Pediatric Diseases Research Center, Guilan University of Medical Sciences, Rasht, Iran.
Agriculture Biotechnology Research Institute, Agricultural Research, Education and Extension Organization (AREEO), Rasht, Iran.
Hum Genomics. 2023 Feb 20;17(1):12. doi: 10.1186/s40246-023-00460-0.
Mutations in NF1 gene could cause allelic disorders with clinical spectrum of Neurofibromatosis type 1 to Noonan syndrome. Here, a 7-year-old Iranian girl is described with Neurofibromatosis-Noonan syndrome due to a pathogenic variant in NF1 gene.
Clinical evaluations were performed along with genetic testing using whole exome sequencing (WES). The variant analysis including pathogenicity prediction was also done using bioinformatics tools.

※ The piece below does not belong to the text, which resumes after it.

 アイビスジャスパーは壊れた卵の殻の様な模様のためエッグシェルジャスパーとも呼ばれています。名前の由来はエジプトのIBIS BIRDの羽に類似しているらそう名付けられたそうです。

The chief compliant of the patient was short stature and lack of proper weight gain. Other symptoms were developmental delay, learning disability, inadequate speech skill, broad forehead, hypertelorism, and epicanthal folds, low set ears and webbed neck. A small deletion, c.4375-4377delGAA, was found in NF1 gene using WES. This variant was classified as pathogenic according to ACMG.

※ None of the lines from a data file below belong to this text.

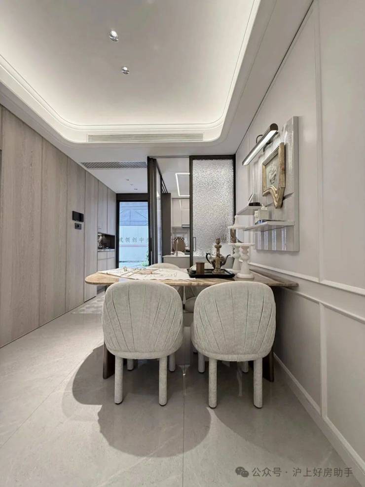 除此之外,最让我惊艳的还是这个能放下6-8人餐桌的宽绰厨房,以及这个尺度感惊人的客厅 。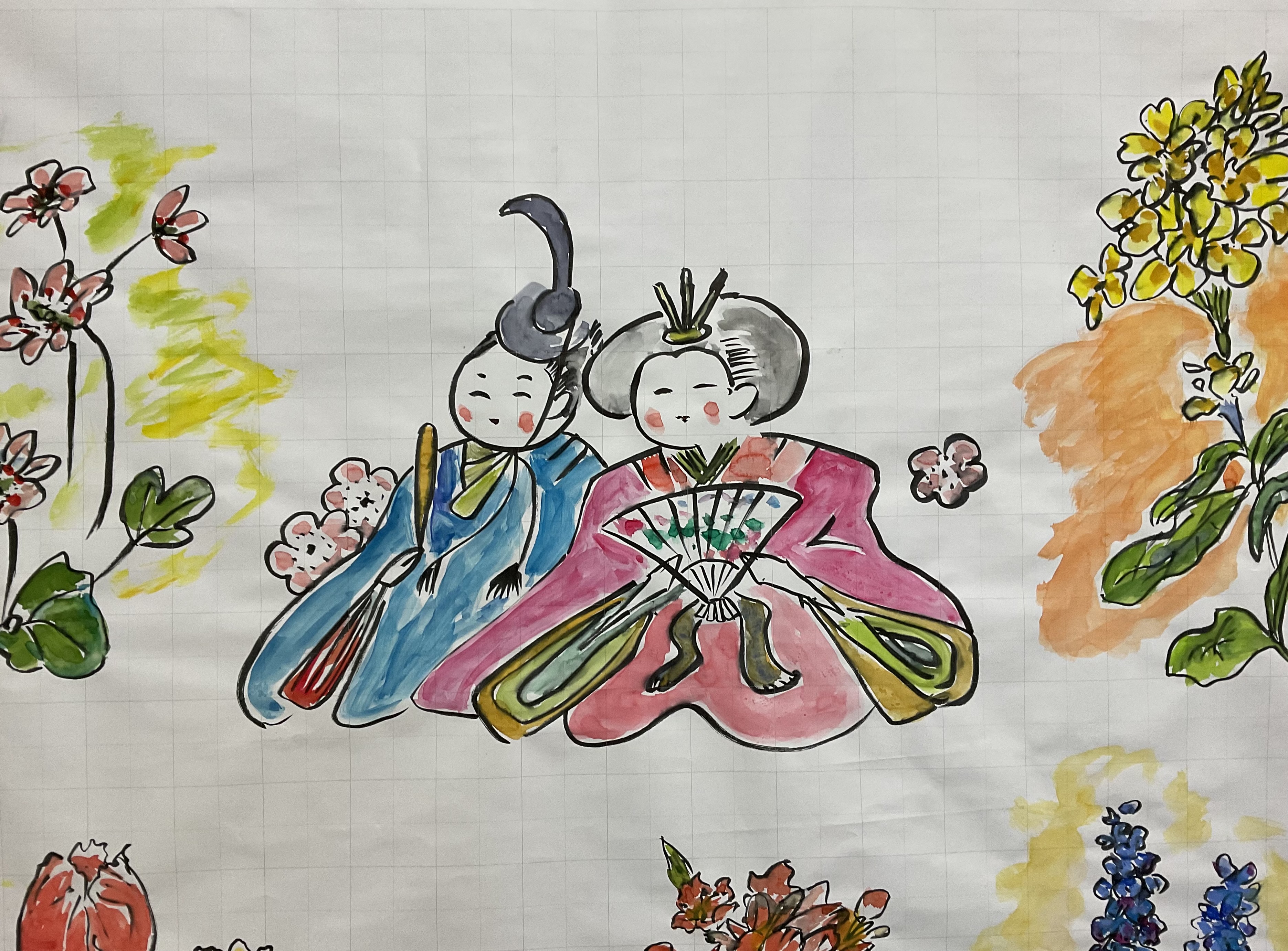 宮代でも、絵描きが得意なスタッフがお雛様とお内裏様を描いてくださりました。🎎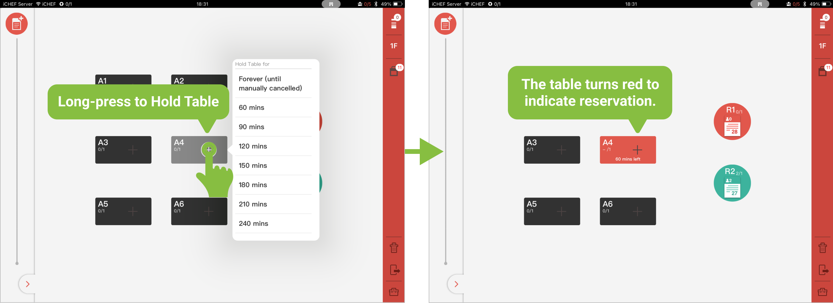 When the holding time is up, the table will automatically become available again. You can also manually cancel the holding status by long-pressing the table again. Learn More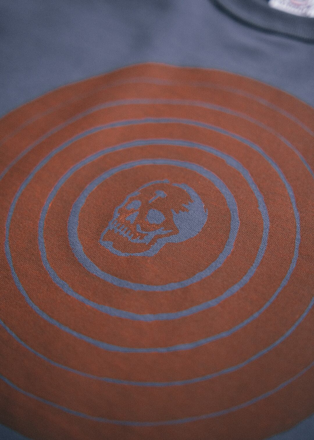 オリジナルの手彫り木版で、Brown Sugar Recordsの象徴であるLP盤とスカルマークをプリントしたレタープレスTシャツ。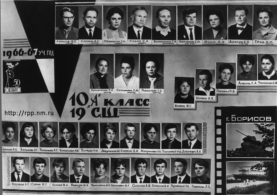 Выпуск 10-А класса 19-й средней школы г. Борисова. 1967 год.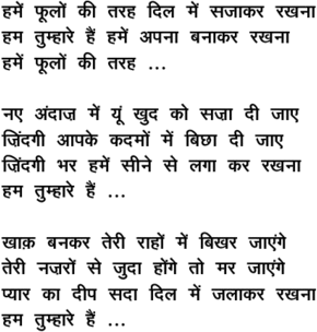hame.n phuulo.n kii tarah dil me.n sajaakar rakhanaa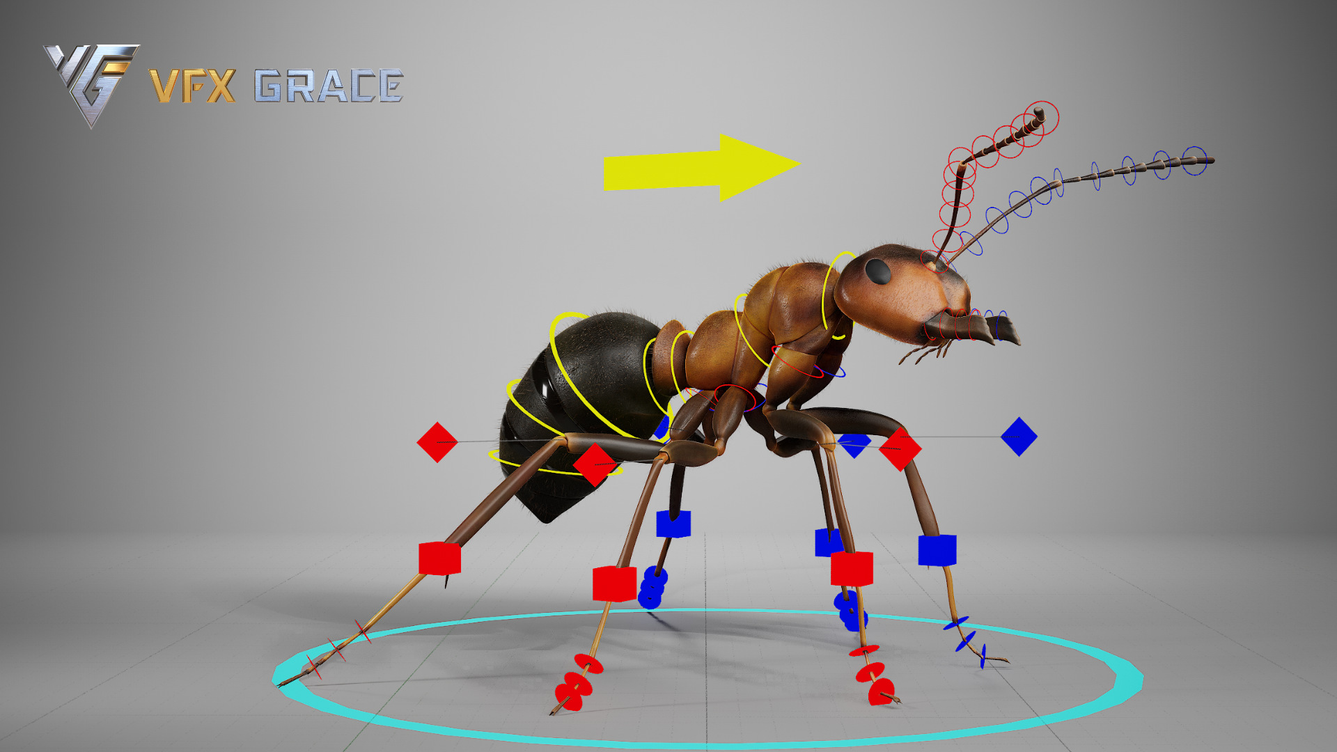 And many more fine-tuned controls that give animators a comprehensive and detailed control for posing and animating the carpenter ant.
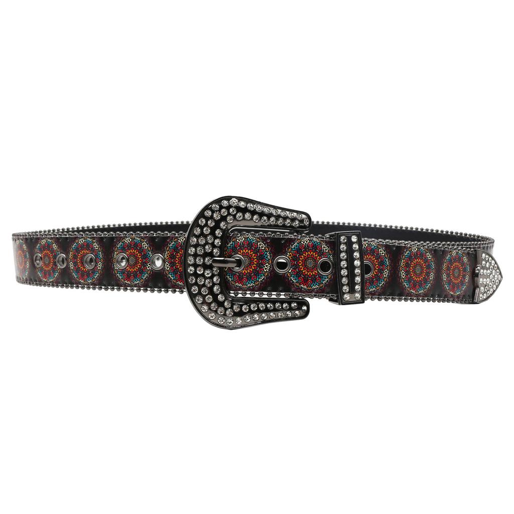 Rhinestone Belt Print Ladies High-end Pattern Women's Belt Retro Literary and Ethnic Style Mandala Pattern Belt

NF1 variants may show variable phenotypes among the patients; identifying such variants is helpful in therapeutic management of the disease. WES is considered as an appropriate test to diagnose Neurofibromatosis-Noonan syndrome.

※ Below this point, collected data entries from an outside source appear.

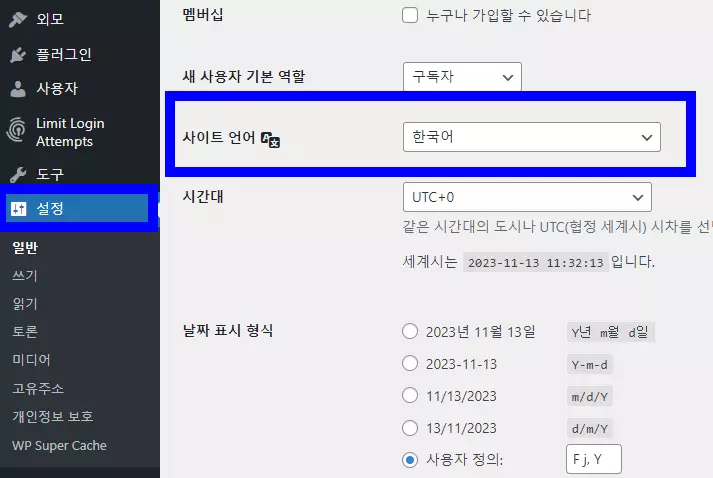 워드프레스 관리자 페이지로 접속했다면 앞에서 plesk를 활용해서 워드프레스를 설치할 때 언어를 한국어로 선택했으므로, 워드프레스가 위와 같이 한국어로 설정된다. 하지만 vultr가 아닌 다른 서버에서 워드프레스를 설치했거나 plesk에서 기본값 상태로 워드프레스를 설치했다면 설정에서 언어 항목에서 한국어를 선택하면, 바로 한국어가 적용되므로 사용에 별다른 어려움은 없다. 더불어 향후 추가로 워드프레스 관리자 페이지에서 기본적인 세팅을 해야 하는데, 여기에서는 검색 엔진에 등록을 먼저 하고 워드프레스 관리자 페이지 세팅은 다음에 따로 자세히 포스팅한다.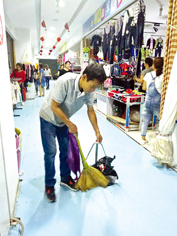 整個云河商場只有一層,共60多家商戶,衛(wèi)生清潔一天3次,工作量雖然不是很大,卻也不輕松。記者見到老馬時,他正在做商場關(guān)門前的最后一次清掃。不時有商戶喊老馬過去收紙箱和塑料袋,老馬加快了手里的動作?!吧虉鍪枪矆鏊?,管理也挺嚴格的,我得隨時注意看哪里有了垃圾,或是公共設(shè)施出了問題,要不人來人往怕出事。干凈整潔的環(huán)境代表著商場的形象,也能讓顧客購物時有個好心情,這也是我工作的價值吧?!崩像R坦言,有的人衛(wèi)生習慣特別不好。商場里童裝生意最為火爆,有個別帶孩子的家長直接讓孩子隨地大小便,不僅弄臟了環(huán)境也作了不良示范。老馬希望通過創(chuàng)衛(wèi),大家愛護環(huán)境衛(wèi)生的意識得到提高,這樣他也可以輕松點了。(王菲)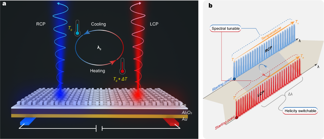热辐射是自然界中普遍存在的现象,但传统的黑体辐射通常是宽带、非相干且无偏振的,这使其在红外传感和高分辨率成像等先进光子学领域的应用受到限制。随着纳米光子学,特别是超构表面和光子晶体的开展,科学家们逐渐能够在亚波长尺度上精准操控热辐射的相位、振幅和偏振,从而拓宽了其应用范围。其中,实现圆偏振热发射对于圆二色性光谱分析、偏振编码通信等领域至关重要。然而,现有的圆偏振热发射器大多是静态设计,缺乏光谱调谐和偏振态重构的能力。此外,主动调节波长以匹配吸收特征或补偿制备偏差,以及对热发射旋性进行动态调控,都是提升系统性能和实现精确传感的关键。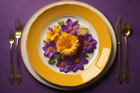 Beautiful table setting with bright flowers on violet background, top view. generative ai

NF1 基因突变可导致等位基因疾病,其临床表现从 1 型神经纤维瘤病到努南综合征不等。本研究报告了一例 7 岁伊朗女孩,因 NF1 基因突变导致神经纤维瘤病-努南综合征。
采用外显子组测序(WES)进行临床评估和基因检测。使用生物信息学工具进行变异分析和致病性预测。
患者的主要症状是身材矮小和体重增长不足。其他症状包括发育迟缓、学习障碍、语言技能不足、宽额头、眼距过宽和内眦赘皮、低位耳和颈蹼。通过 WES 发现 NF1 基因中的 c.4375-4377delGAA 小缺失。根据 ACMG 分类,该变异被归类为致病性变异。
NF1 变异在患者中可能表现出不同的表型;识别此类变异有助于疾病的治疗管理。WES 被认为是诊断神经纤维瘤病-努南综合征的一种合适的检测方法。